I’ve written a large numeric simulation that benefits substantially from starting Julia with --math-mode=fast (79% speed-up). I know this flag can be dangerous, but up until now, everything has worked well.
I’d now like to add Bayesian Optimization to tune a few parameters. Unfortunately, the Gaussian Process MLE breaks when I use explicit parameter bounds with fast-math enabled. Performance is not important for the Gaussian Process – I just need it to work.
Is there a way to disable fast-math for only the call to the Bayesian Optimization function?
I’ve tried switching to explicit @fastmath in the obvious parts of my code, but I still get a 43% speed-up by using the global --math-mode=fast flag.
I don’t know of a way to do this easily.
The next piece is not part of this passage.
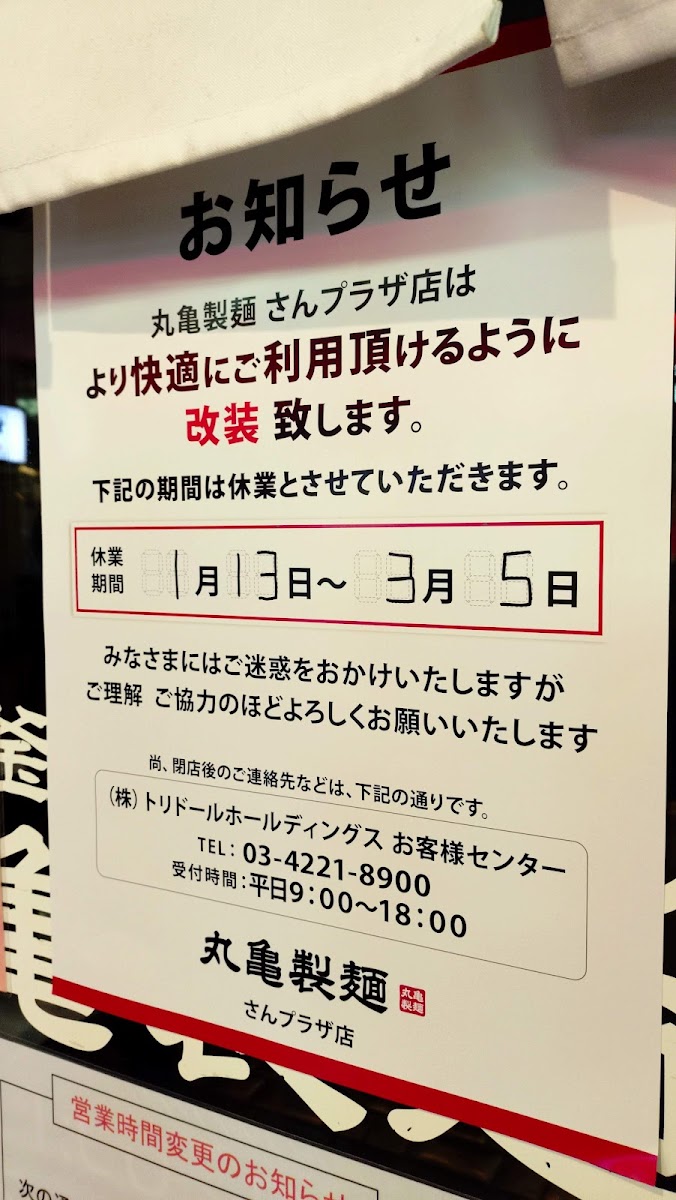 From a reviewer’s perspective, the menu at Marugame Seimen San Plaza may appear concise, but it clearly reflects the brand’s dedication to bold flavors and freshly prepared udon. The standout offering, 旨辛 肉盛りニラ玉ぶっかけうどん, perfectly encapsulates the restaurant’s approach to comfort food with a punch: thick, chewy udon noodles served in a bukkake style and elevated by a generous topping of savory meat, fragrant garlic chives, soft egg, and a pleasantly spicy seasoning. Rather than overwhelming diners with variety, this focused menu choice highlights balance-heat, umami, and richness working together in a single, satisfying bowl. As a conclusion to the menu experience, it’s clear that Marugame Seimen San Plaza prioritizes quality, freshness, and a memorable flavor profile, making even a simple selection feel complete and thoughtfully crafted.

Looking at codegen (intrinsics.cpp), it seems that codegen just uses the global flags which are set when julia starts. And the @fastmath macro is a strictly local transformation.
Perhaps the best you can do here is to start two julia instances; one to do the outer loop with Bayesian optimization (fastmath off) and another (or several) worker processes to run the simulation with fastmath on? This might be a good setup in any case, as with multiple cores/machines you’ll then be able to run several simulations in parallel to feed back into the Bayesian optimization.
Explicit @fastmath seems like by far the best option to me, if you could achieve about the same performance. I’m curious why you can’t… is it because --math-mode=fast applies to code within Base and other packages that you can’t reach with @fastmath?
I’ll need to profile more carefully to see where the differences are. I haven’t tried @fastmath with every function yet, so it’s possible I’ve missed some, or like you said, there’s some code in another package that is affected.
I will be using remote workers, so I may just do that: run a master without fast-math and have all the slaves use fast-math.
The problem with @fastmath is that it doesn’t compose so it could be a pretty big burden to add it enough places, especially if using external libraries.
Almost all optimizations that fastmath allows can be done manually by some combination of:
explicit algebraic simplification of expressions,
@simd annotations to allow floating-point re-association across loop iterations,
use of muladd to compute a*b + c operations in a single operation.
It’s definitely some work but if you can identify which functions are sped up by --math-mode=fast then you can speed them up manually. It’s probably just a handful of functions that are making most of the difference. My guess is that there’s a few loops that need @simd annotations in order to vectorize.